Chapter 6

ADVERTISING COUNCIL

The Advertising Council, 25 West 45th Street, New York 36, N. Y. (with offices at 203 North Wabash Avenue, Chicago; 1200 18th Street, N. W., Washington; 425 Bush Street, San Francisco) serves as a public relations operation to promote selected projects supported by the Council on Foreign Relations and its interlocking affiliates.

The Advertising Council was created in 1942 (then called War Advertising Council) as a tax-exempt, non-governmental agency to promote wartime programs of government: rationing, salvage, the selling of war bonds, and so on.

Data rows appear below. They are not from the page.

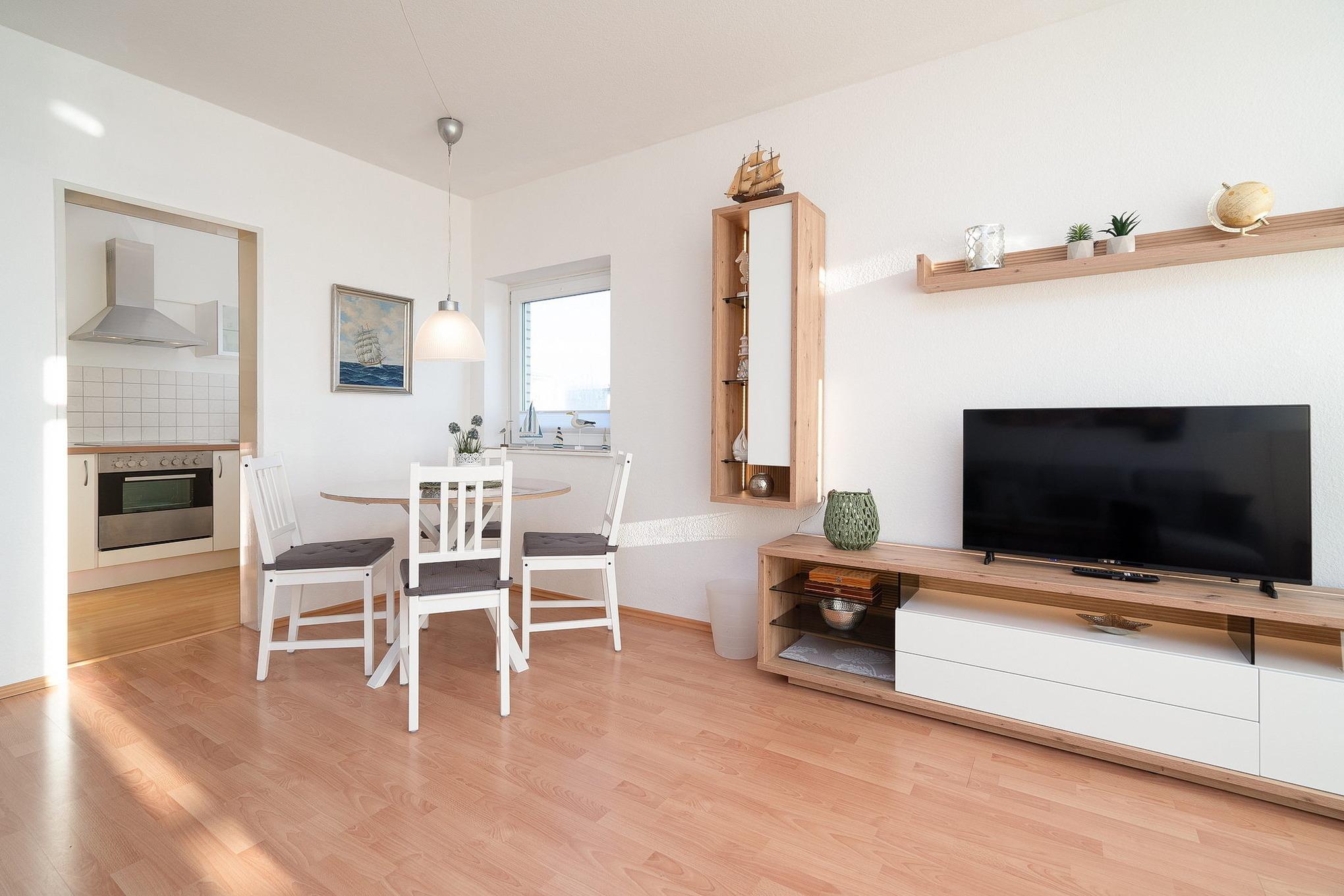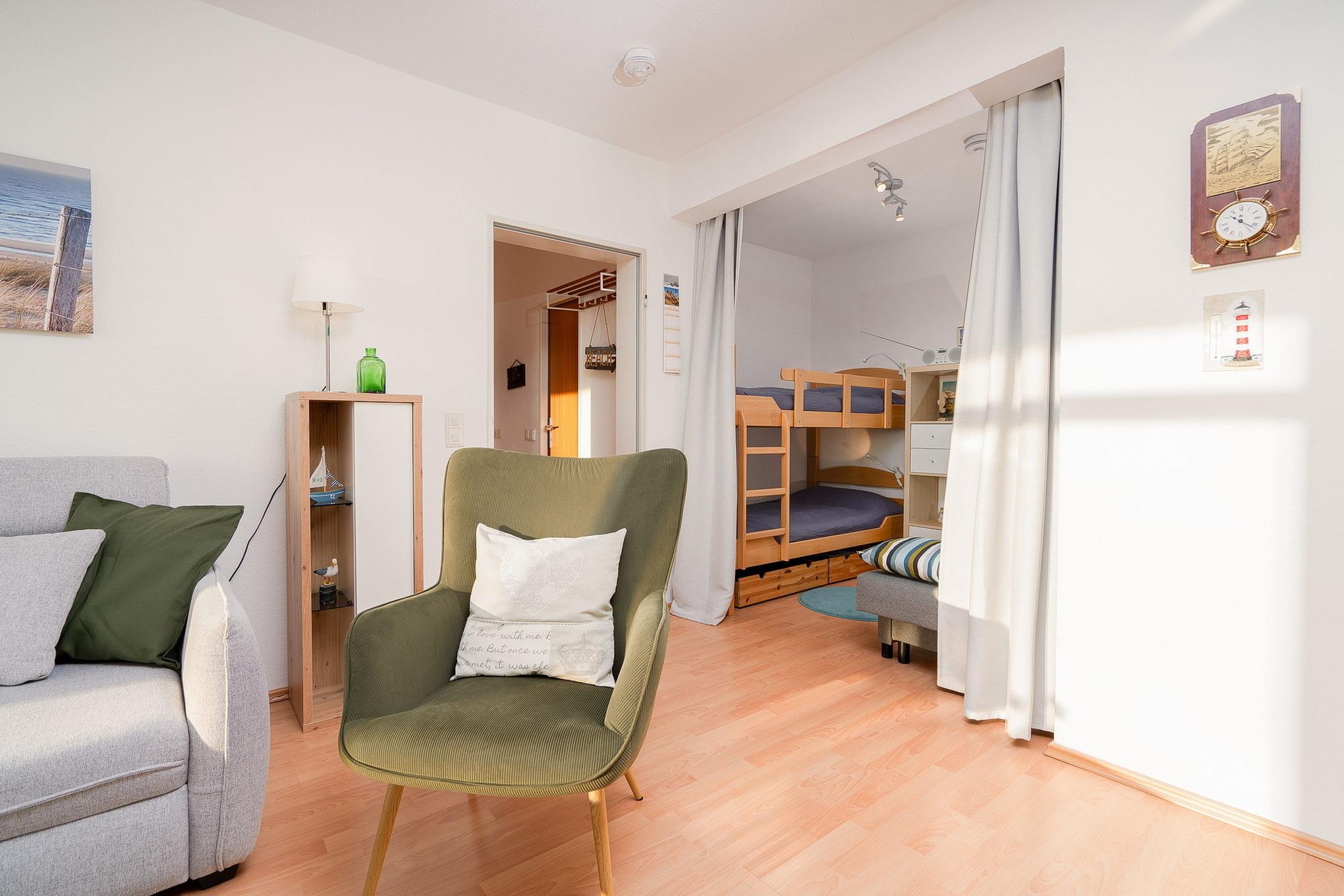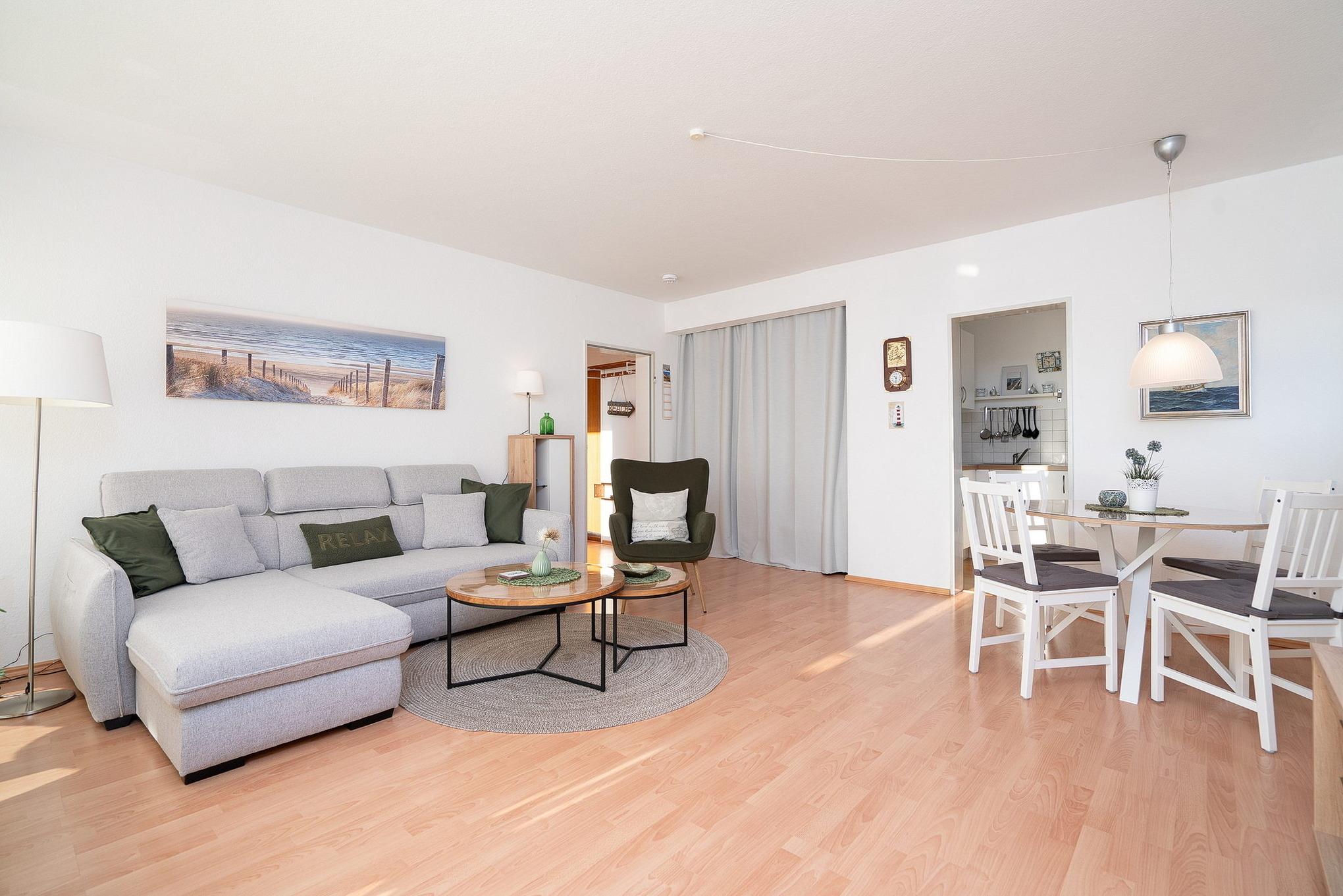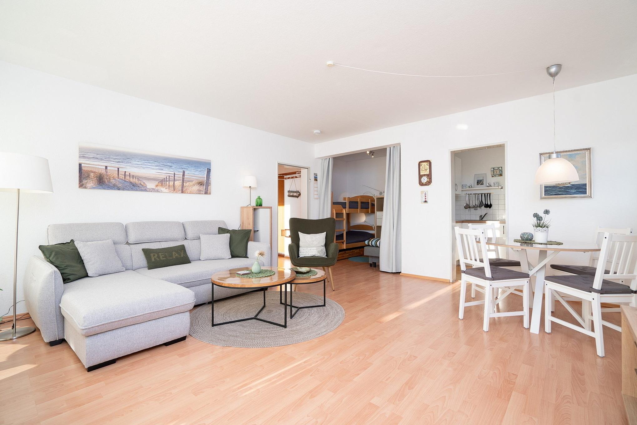 In dem hellen und gemütlichen Wohn- und Esszimmer befindet sich eine Eckcouch, ein Sessel, ein Couchtisch, ein Essplatz für 4 Personen und ein Wohnzimmerschrank. Zur Unterhaltung steht Ihnen ein Flachbildfernseher und ein Radio zur Verfügung. In einer separaten Nische, diese durch einen Vorhang abgetrennt ist, befindet sich ein Etagenbett sowie ein Schlafsofa. Das Wohn- und Esszimmer ist mit Laminatboden ausgelegt.
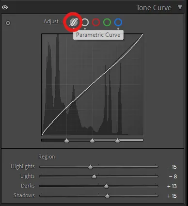In Lightroom, the tone curve comes in two forms: the parametric curve and the point curve. The first modifies the image using sliders, by region: highlights, midtones, shadows, and blacks. It is equivalent to adjusting levels in Photoshop, targeting specific tone areas. To unlock its full potential, the point curve is essential.
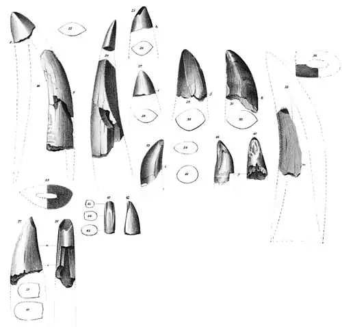 - Leidy, J., 1868, "Remarks on a jaw fragment of Megalosaurus", Proceedings of the Academy of Natural Sciences of Philadelphia, 1870: 197-200
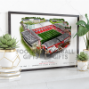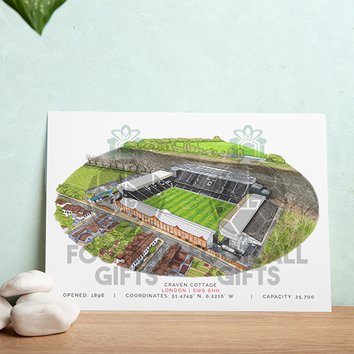 Each piece depicts a detailed print of a water colour painting of the stadium,  with the stadium details printed underneath including the stadium name, capacity, grid coordinates & the year it was built.
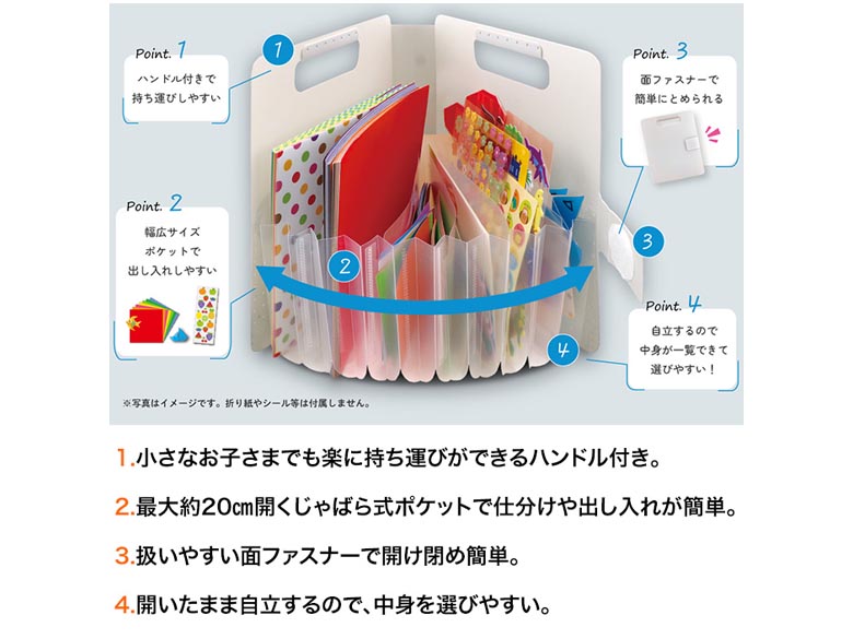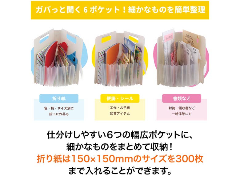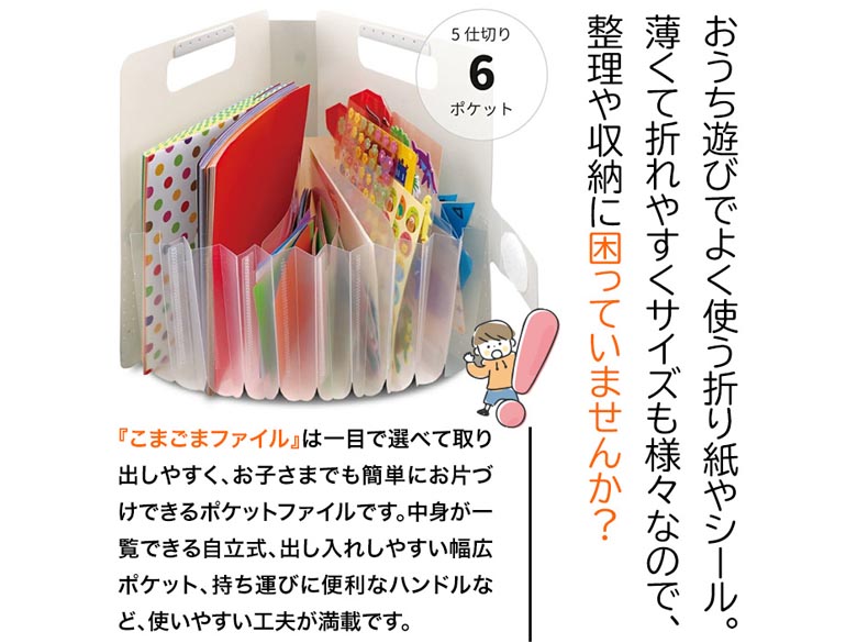 ・折り紙やシールなどの細かな文房具類を整理・収納できるポケットファイル。
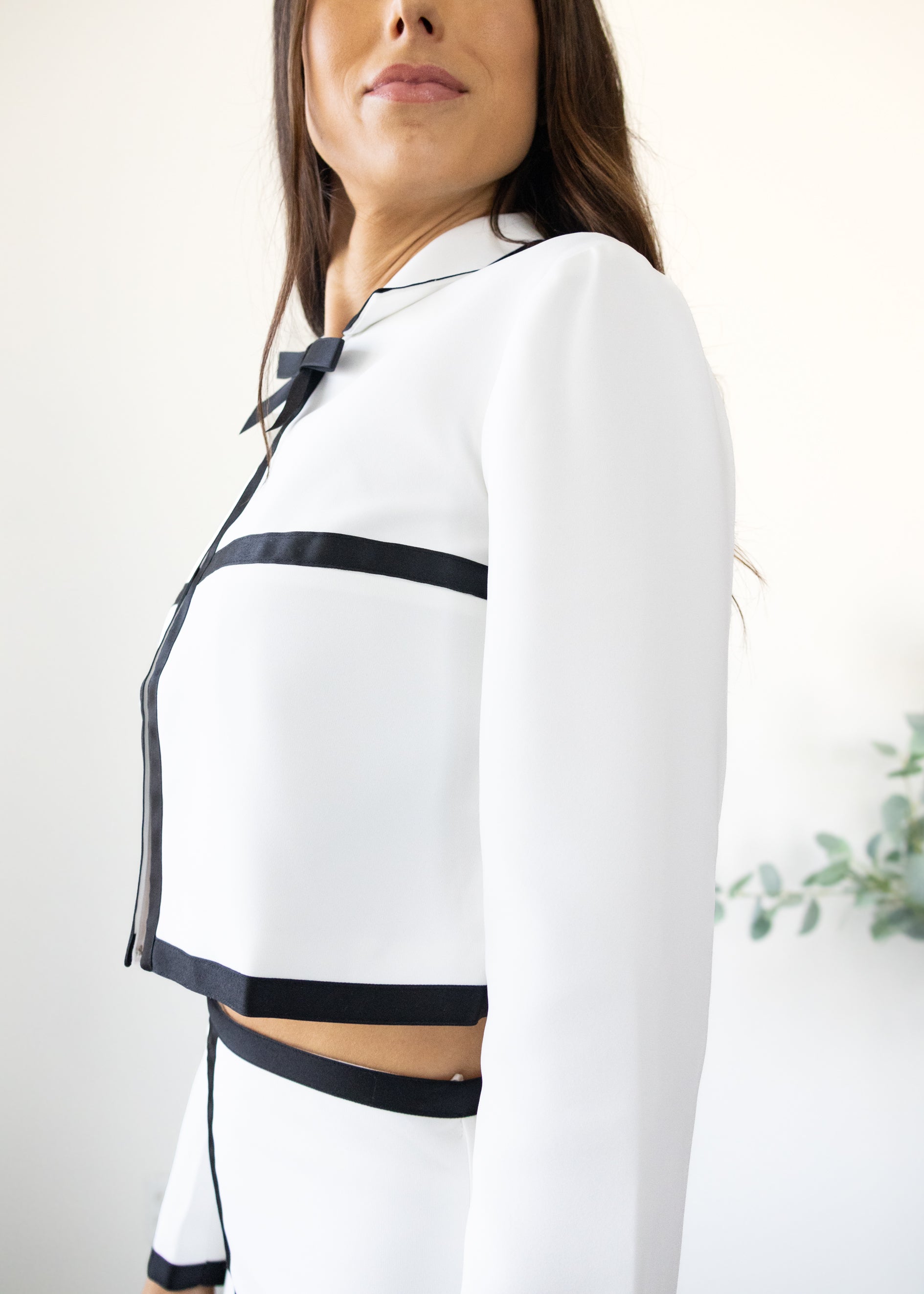 The Amanda Uprichard Trey Jacket redefines modern femininity with timeless elegance. Crafted from luxurious midweight crepe, this cropped jacket features a chic boxy silhouette and a statement bow detail at the front. The crisp white fabric, outlined with contrasting black trim, adds a sophisticated edge that’s both classic and contemporary. Pair it with the matching Trey Skort — sold separately — for a coordinated look that exudes polished perfection.
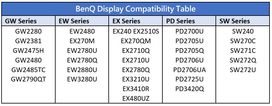 3. 如果您的 BenQ 顯示器未在表中列出,請聯絡當地 BenQ 客戶服務確認。
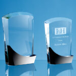 Part of an extensive range of Personalised Glass Awards from RT Promotions . There’s something special about receiving a laser engraved glass or crystal gift or award. Products in this category are built to last, so imagine how many times your branding is going to be seen? These Crystal Arch Award with Onyx Bases are available in three different sizes and look exceptional and really stand out with it’s Onyx Black Swooping Base and vivid curved shape. Made from authentic optical crystal it really gives meaning to the famous phrase “”crystal clear.”” There is generous space to personalise the award with any crest logo or wording using techniques such as colour printing sandblast engraving or 2D and 3D subsurface engraving. They are ideal recognition achievement or incentive gifts and are supplied in a beautiful presentation box. This is the smallest of the 3 sizes on offer – please contact us for pricing for the other sizes. Most folk simply want us to engrave their logo onto them, but we can do all kinds of things when personalising them, from adding individual names, and/or award categories, and in multiple positions. Whatever method and style of branding you request, this item always looks great when branded, and remember, if your artwork fits – we’ll engrave it on there for you.
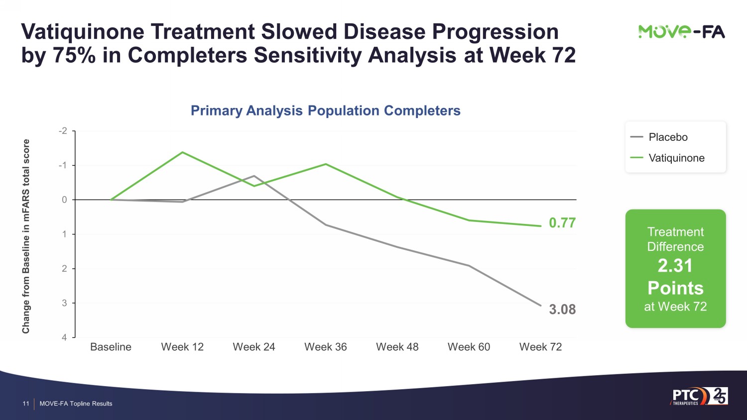 Vatiquinone Treatment Demonstrated Greater Magnitudeof Effect on Disease Progression in Completers Sensitivity Analysis MOVE - FA Topline Results 10 Primary Analysis Population Completers Change from Baseline to Week 72 Overall Enrolled Population Completers Change from Baseline to Week 72 Analysis Placebo Vatiquinone Difference P - value Placebo Vatiquinone Difference P - value mFARS Total 3.08 0.77 - 2.31 0.054 2.72 0.57 - 2.15 0.047 Bulbar 0.17 .0003 - 0.17 0.030 0.19 0.030 - 0.16 0.065 Upright Stability 3.16 1.78 - 1.38 0.026 2.69 1.45 - 1.23 0.029 FARS - ADL 1.35 0.66 - 0.69 0.29 1.30 0.75 - 0.55 0.35 Fatigue Scale (MFIS) 4.14 - 0.59 - 4.73 0.042 3.88 - 1.62 - 5.50 0.014

The Advertising Council's specific job was to effect close cooperation between governmental agencies and business firms using the media of mass communication. A governmental agency would bring a particular project (rationing, for example) to the Advertising Council, for help in "selling" the project to the public. The Council would enlist the aid of some advertising agency. The agency (giving its services for nothing, as a contribution to the war effort) would prepare signs, newspaper mats, advertising layouts, broadcasting kits and what not. The Advertising Council might then enlist the free services of a public relations firm to get this material into newspapers and magazines; get it inserted in the regular ads of business firms; get it broadcast, free, as public-service spot announcements by radio networks; get it inserted into regular commercials on radio broadcasts; get slogans and art work stamped on the envelopes and business forms of corporations.

The Advertising Council rendered a valuable service to advertisers, broadcasting organizations, and publishers. Everyone wanted to support projects that would help the war effort. The Advertising Council did the important job of screening–of presenting projects which were legitimate and urgent.

Even the advertising agencies and public relations firms, which contributed free services, profited from the arrangement. They earned experience and prestige as agencies which had prepared nationally successful campaigns.


The Advertising Council continued after the war to perform this same service–selecting, for free promotion, projects that are "importantly in the public interest." Indeed, the service is more valued in peace time than in war by many advertisers and broadcasting officials who are badgered to support countless causes and campaigns, most of which sound good but some of which may be objectionable. Investigating to screen the good from the bad is a major job. The Advertising Council does this job. The Council is respected by industry, by the public, and by government. It is safe to promote a project which the Advertising Council claims to be "importantly in the public interest."

Thus, officials of the Advertising Council have become czars in a most important field. They arbitrarily decide what is, and what is not, in the public interest. When the Advertising Council "accepts" a project, the most proficient experts in the world–leading Madison Avenue people–go to work, without charge, to create (and saturate the media of mass communication with) the skillful propaganda that "sells" the project to the public.